◆ **Task input**
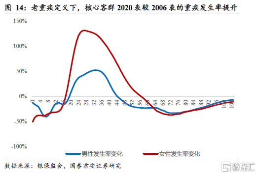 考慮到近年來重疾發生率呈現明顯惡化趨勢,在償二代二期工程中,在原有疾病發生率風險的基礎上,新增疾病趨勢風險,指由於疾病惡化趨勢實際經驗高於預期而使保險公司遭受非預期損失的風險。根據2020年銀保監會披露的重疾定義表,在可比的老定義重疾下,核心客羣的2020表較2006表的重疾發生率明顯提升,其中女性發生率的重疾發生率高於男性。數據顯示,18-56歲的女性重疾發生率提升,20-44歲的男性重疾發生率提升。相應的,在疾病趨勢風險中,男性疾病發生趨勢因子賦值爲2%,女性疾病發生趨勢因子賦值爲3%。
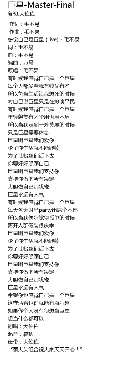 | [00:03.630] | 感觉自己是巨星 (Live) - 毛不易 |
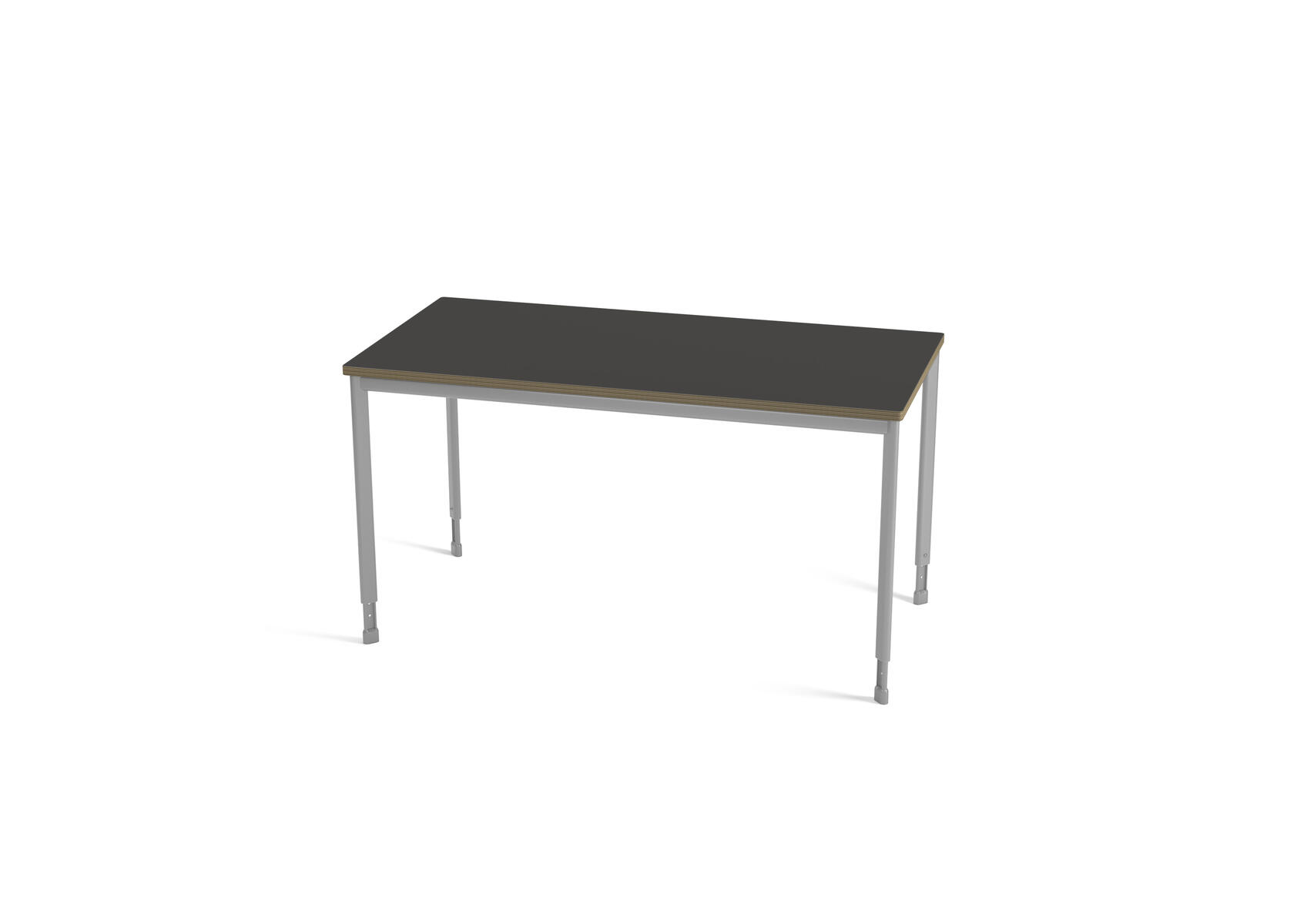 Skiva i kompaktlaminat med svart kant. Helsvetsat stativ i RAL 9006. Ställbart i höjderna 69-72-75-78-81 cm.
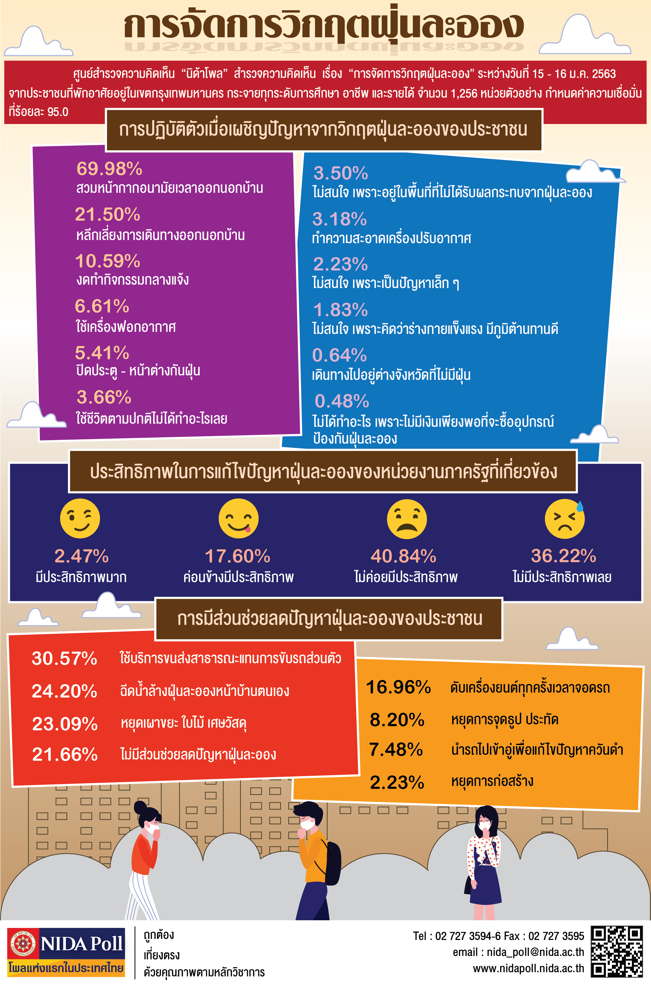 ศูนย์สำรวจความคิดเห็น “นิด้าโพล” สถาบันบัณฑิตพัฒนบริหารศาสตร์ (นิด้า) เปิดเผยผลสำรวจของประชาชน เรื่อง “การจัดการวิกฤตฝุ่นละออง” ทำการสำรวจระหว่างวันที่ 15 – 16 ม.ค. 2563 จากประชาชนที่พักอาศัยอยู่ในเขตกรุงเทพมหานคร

---

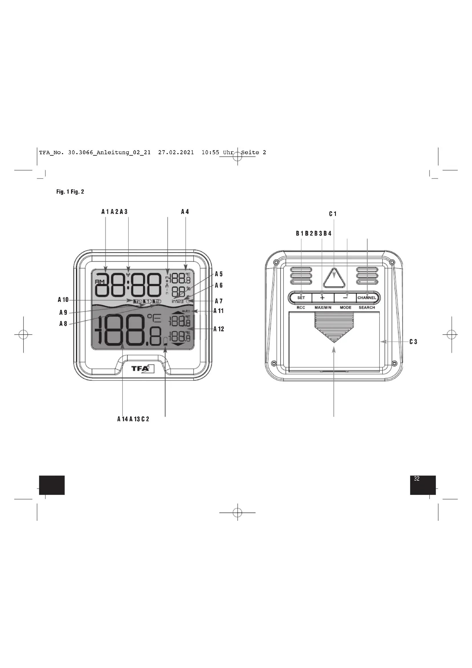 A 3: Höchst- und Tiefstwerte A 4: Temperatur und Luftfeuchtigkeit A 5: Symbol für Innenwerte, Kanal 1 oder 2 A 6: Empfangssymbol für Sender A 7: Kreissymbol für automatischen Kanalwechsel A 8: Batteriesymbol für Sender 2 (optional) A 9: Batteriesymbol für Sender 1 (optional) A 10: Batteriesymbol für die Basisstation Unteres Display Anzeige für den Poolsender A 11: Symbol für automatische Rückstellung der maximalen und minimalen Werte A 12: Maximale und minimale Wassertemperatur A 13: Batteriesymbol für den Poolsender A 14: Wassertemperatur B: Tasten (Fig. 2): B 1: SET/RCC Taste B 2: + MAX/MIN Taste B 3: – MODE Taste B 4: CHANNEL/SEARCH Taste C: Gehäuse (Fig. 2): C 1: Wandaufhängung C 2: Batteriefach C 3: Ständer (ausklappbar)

◆ **Exercise goal**
Give exactly the lines above that run from the line with "Skiva i kompaktlaminat" to the line with "ม.ค. 2563 จากประชาชนที่พักอาศัยอยู่ในเขตกรุงเทพมหานคร", both included, leaving every picture out.

◆ **Answer to the problem**
 Skiva i kompaktlaminat med svart kant. Helsvetsat stativ i RAL 9006. Ställbart i höjderna 69-72-75-78-81 cm.
 ศูนย์สำรวจความคิดเห็น “นิด้าโพล” สถาบันบัณฑิตพัฒนบริหารศาสตร์ (นิด้า) เปิดเผยผลสำรวจของประชาชน เรื่อง “การจัดการวิกฤตฝุ่นละออง” ทำการสำรวจระหว่างวันที่ 15 – 16 ม.ค. 2563 จากประชาชนที่พักอาศัยอยู่ในเขตกรุงเทพมหานคร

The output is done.